🤖 AI Summary
Existing learning-based approaches for the 3D bin packing problem (3D-BPP) in logistics neglect stability constraints and suffer from poor generalization across diverse container sizes.
Method: We propose a deep reinforcement learning framework enabling unified training over multiple bin dimensions. It introduces a weighted reward function and a height-difference metric to enhance loading plan flatness; incorporates clipped policy gradients and a customized policy drift mechanism to mitigate policy entropy collapse and improve exploration of critical actions; and jointly enforces load-bearing capacity and geometric stability constraints for end-to-end deployable solutions.
Contribution/Results: The framework achieves strong generalization across varying bin sizes, significantly outperforms state-of-the-art baselines in packing utilization, and consistently satisfies practical stability requirements—demonstrating both efficacy and applicability in real-world logistics scenarios.
📝 Abstract
The three-dimensional bin packing problem (3D-BPP) is widely applied in logistics and warehousing. Existing learning-based approaches often neglect practical stability-related constraints and exhibit limitations in generalizing across diverse bin dimensions.
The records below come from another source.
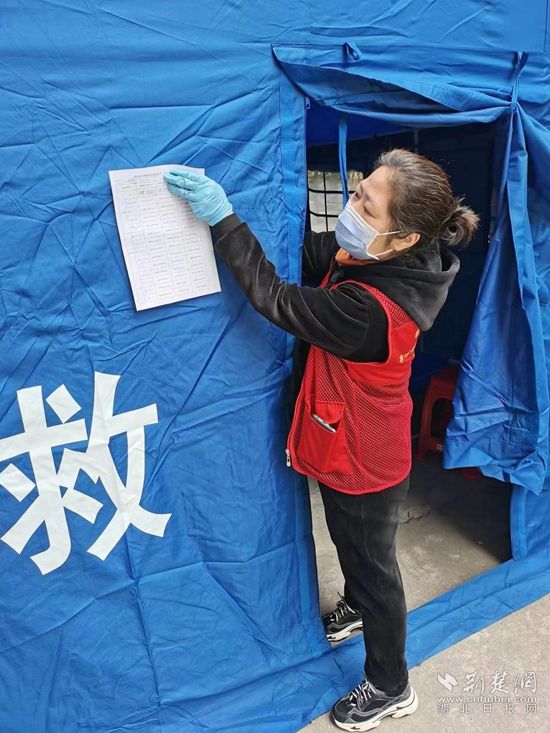 白天,她既是“守門人”也是“服務員”,還是情緒“開導員”。協(xié)助醫(yī)護人員給封控樓棟住戶做核酸是她每天工作中的重中之重。核酸檢測結(jié)束,她第一時間做好消殺工作,處理醫(yī)療衛(wèi)生垃圾。為了能夠隨時上“疫”線,她主動打包隨身物品,7天24小時吃住值班室。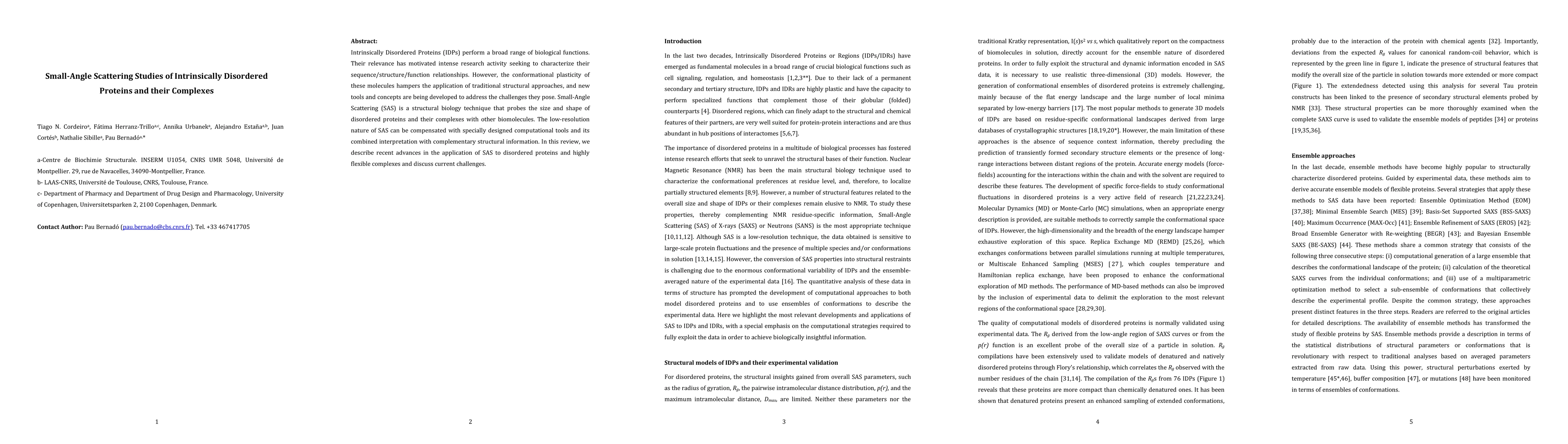 This paper reviews the use of Small-Angle Scattering (SAS) to study the size and shape of intrinsically disordered proteins, highlighting recent advances and the development of computational tools to interpret low-resolution data. It also discusses the challenges posed by the conformational plasticity of these proteins.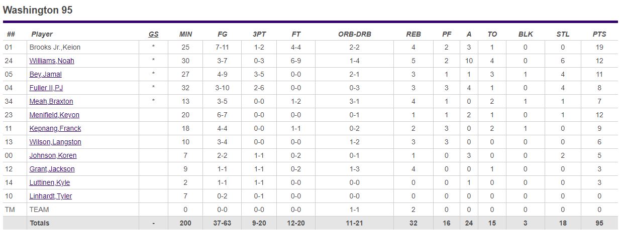 Whenever Alaska made a run in the second half, Brooks answered with a midrange jumper or corner three-pointer to keep Washington comfortably in the lead.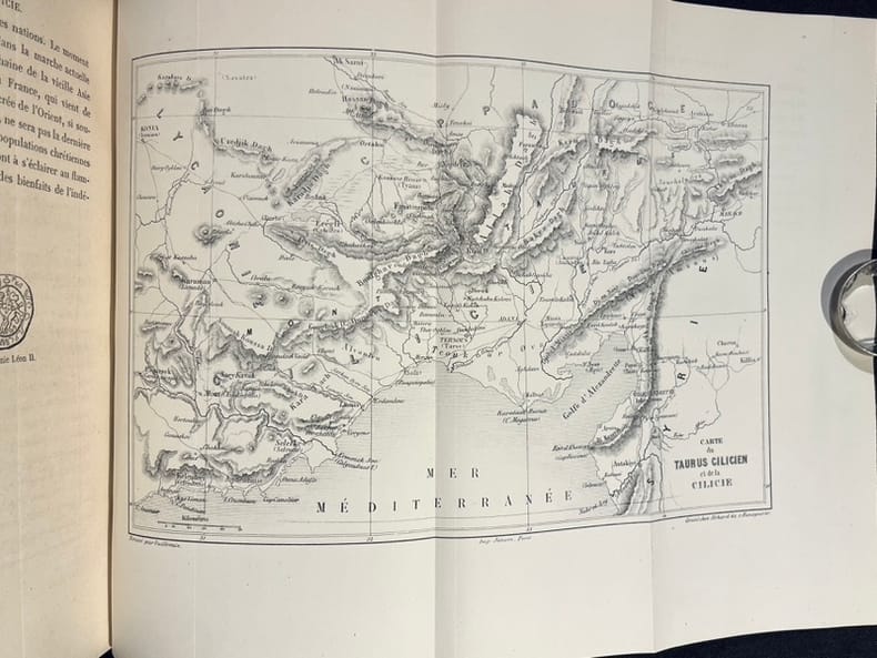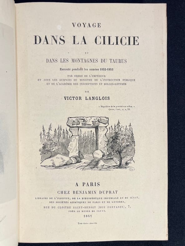 héologique en 1852 dans les montagnes du Taurus en Asie Mineure. Il était l'un des rares Européens à avoir visité la région du Taureau au 19ème siècle. Il traite principalement de la « Petite Arménie », avec la description de la région, la topographie, l’histoire naturelle, les habitants, langues, religions, commerce, industrie manufacturière, agriculture, gouvernement et histoire. Les antiquités de chaque site et ville sont décrites séparément et à la description se joignent des notices historiques de chaque lieu. Victor Langlois (1829-1869), numismate orientaliste. Diplômé de l'École des Chartes et de l'École des langues orientales. Spécialiste de l’histoire, de la numismatique, de l’histoire des civilisations de l’Arménie et de la Cilicie arménienne. Il est auteur d’une trentaine d’ouvrages, dont deux volumes de traductions des premiers historiens arméniens. Chadenat 618. M2-Et2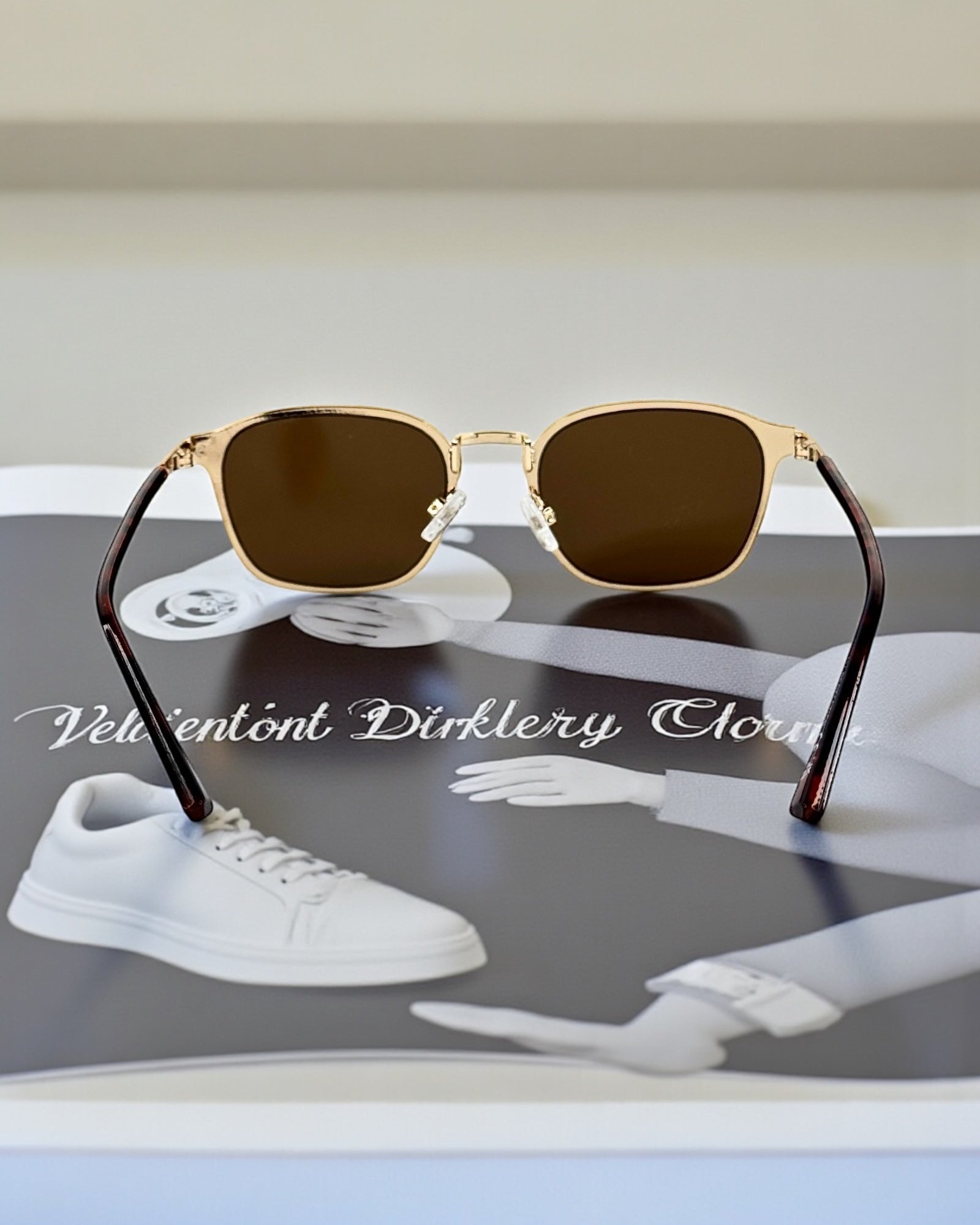 Lunettes de soleil homme avec monture dorée et verres verts foncés, inspirées du style rétro chic. Leur design intemporel allie élégance et caractère, parfait pour un look distingué au quotidien ou lors des occasions spéciales.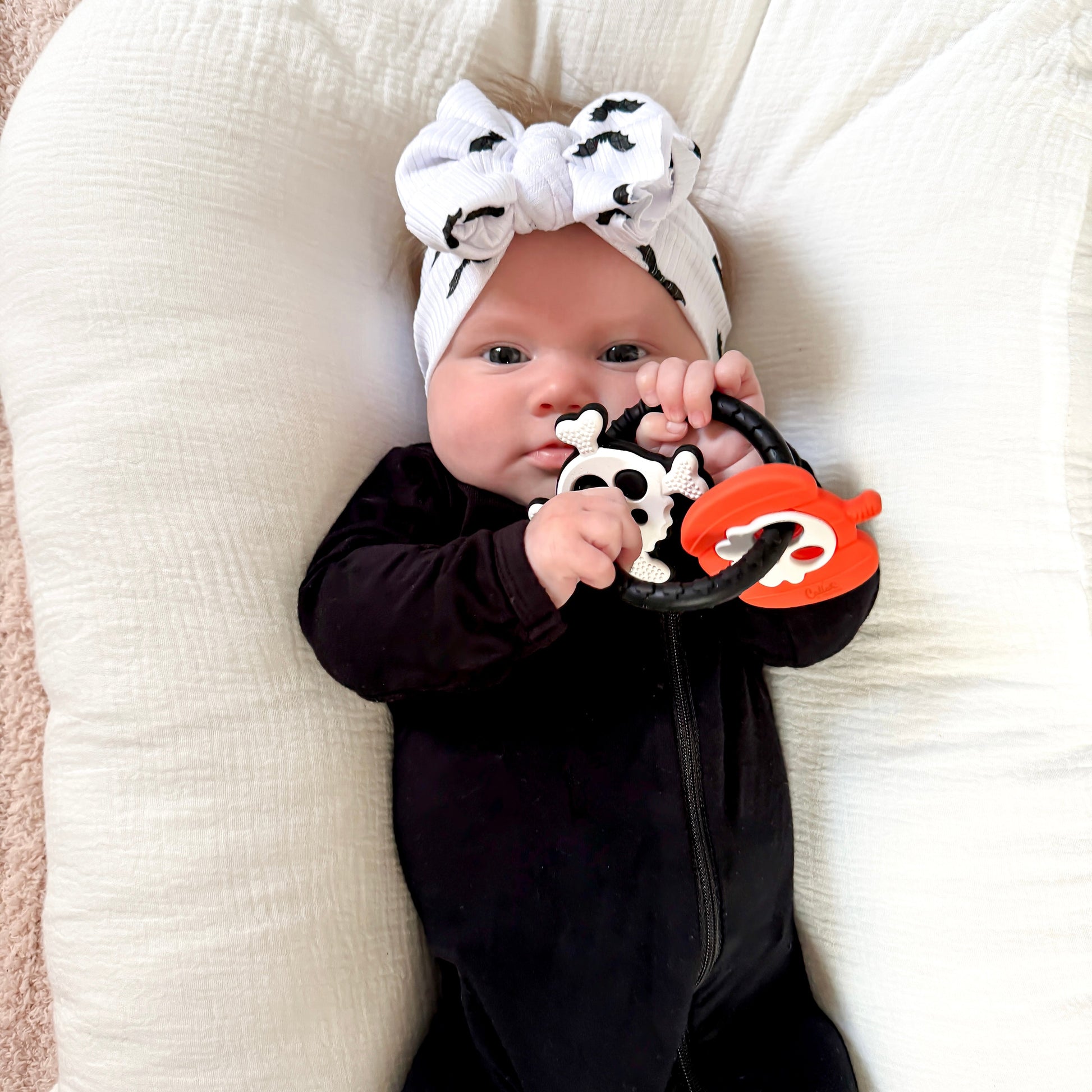 Say hello to our spooky teether - the perfect sidekick for your little one's teething journey this Halloween season! Made from 100% food-grade silicone, it's safe and gentle on delicate gums. The textured pumpkin and skull design offers varied sensory experiences that support your baby's development while soothing teething discomfort. Conveniently dishwasher, freezer, and microwave safe, it’s easy to clean and provides cool relief for those sore gums. Its compact size and lightweight design make it perfect for tiny hands to grasp, and it comes with a reusable pouch for on-the-go convenience. Give your baby the spooky comfort they deserve with our Spooky Teether—a fun blend of relief and sensory stimulation!

To address these limitations, we propose a novel deep reinforcement learning framework, One4Many-StablePacker (O4M-SP). The primary advantage of O4M-SP is its ability to handle various bin dimensions in a single training process while incorporating support and weight constraints common in practice. Our training method introduces two innovative mechanisms. First, it employs a weighted reward function that integrates loading rate and a new height difference metric for packing layouts, promoting improved bin utilization through flatter packing configurations. Second, it combines clipped policy gradient optimization with a tailored policy drifting method to mitigate policy entropy collapse, encouraging exploration at critical decision nodes during packing to avoid suboptimal solutions. Extensive experiments demonstrate that O4M-SP generalizes successfully across diverse bin dimensions and significantly outperforms baseline methods. Furthermore, O4M-SP exhibits strong practical applicability by effectively addressing packing scenarios with stability constraints.